• [Try it]: For this exercise, repeat exactly the lines below starting at the line holding "さすがは静岡!お茶どころです" and ending at the line holding "Контроль соблюдения фронт", both included, with no extra lines and no pictures.

• [Source material]:
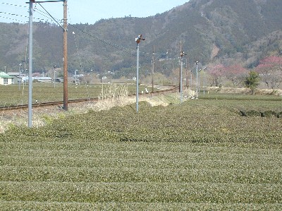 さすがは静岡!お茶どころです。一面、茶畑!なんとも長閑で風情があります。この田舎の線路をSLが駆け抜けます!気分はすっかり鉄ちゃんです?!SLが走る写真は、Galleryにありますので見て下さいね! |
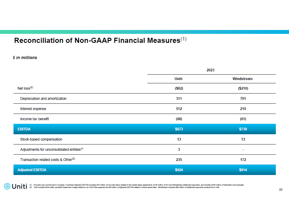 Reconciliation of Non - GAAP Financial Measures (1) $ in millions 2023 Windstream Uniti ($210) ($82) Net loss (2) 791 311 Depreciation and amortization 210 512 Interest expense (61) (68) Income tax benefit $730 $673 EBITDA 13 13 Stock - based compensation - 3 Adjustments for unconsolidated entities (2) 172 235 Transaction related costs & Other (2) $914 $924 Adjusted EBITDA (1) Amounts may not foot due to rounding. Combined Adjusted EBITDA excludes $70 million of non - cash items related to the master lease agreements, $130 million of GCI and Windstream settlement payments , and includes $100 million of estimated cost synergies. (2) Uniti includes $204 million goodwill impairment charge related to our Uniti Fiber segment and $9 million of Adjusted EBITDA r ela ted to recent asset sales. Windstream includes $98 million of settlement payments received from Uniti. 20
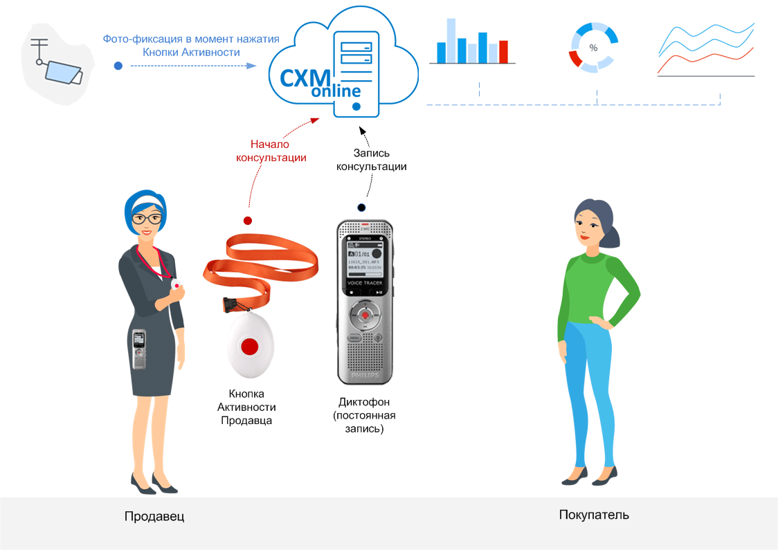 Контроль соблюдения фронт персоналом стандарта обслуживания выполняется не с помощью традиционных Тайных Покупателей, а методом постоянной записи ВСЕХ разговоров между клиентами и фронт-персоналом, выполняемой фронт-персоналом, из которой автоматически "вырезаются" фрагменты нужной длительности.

--

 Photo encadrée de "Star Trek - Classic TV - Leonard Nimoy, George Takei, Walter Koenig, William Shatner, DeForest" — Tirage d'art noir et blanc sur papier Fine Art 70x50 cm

• [The completed task]:
 さすがは静岡!お茶どころです。一面、茶畑!なんとも長閑で風情があります。この田舎の線路をSLが駆け抜けます!気分はすっかり鉄ちゃんです?!SLが走る写真は、Galleryにありますので見て下さいね! |
 Reconciliation of Non - GAAP Financial Measures (1) $ in millions 2023 Windstream Uniti ($210) ($82) Net loss (2) 791 311 Depreciation and amortization 210 512 Interest expense (61) (68) Income tax benefit $730 $673 EBITDA 13 13 Stock - based compensation - 3 Adjustments for unconsolidated entities (2) 172 235 Transaction related costs & Other (2) $914 $924 Adjusted EBITDA (1) Amounts may not foot due to rounding. Combined Adjusted EBITDA excludes $70 million of non - cash items related to the master lease agreements, $130 million of GCI and Windstream settlement payments , and includes $100 million of estimated cost synergies. (2) Uniti includes $204 million goodwill impairment charge related to our Uniti Fiber segment and $9 million of Adjusted EBITDA r ela ted to recent asset sales. Windstream includes $98 million of settlement payments received from Uniti. 20
 Контроль соблюдения фронт персоналом стандарта обслуживания выполняется не с помощью традиционных Тайных Покупателей, а методом постоянной записи ВСЕХ разговоров между клиентами и фронт-персоналом, выполняемой фронт-персоналом, из которой автоматически "вырезаются" фрагменты нужной длительности.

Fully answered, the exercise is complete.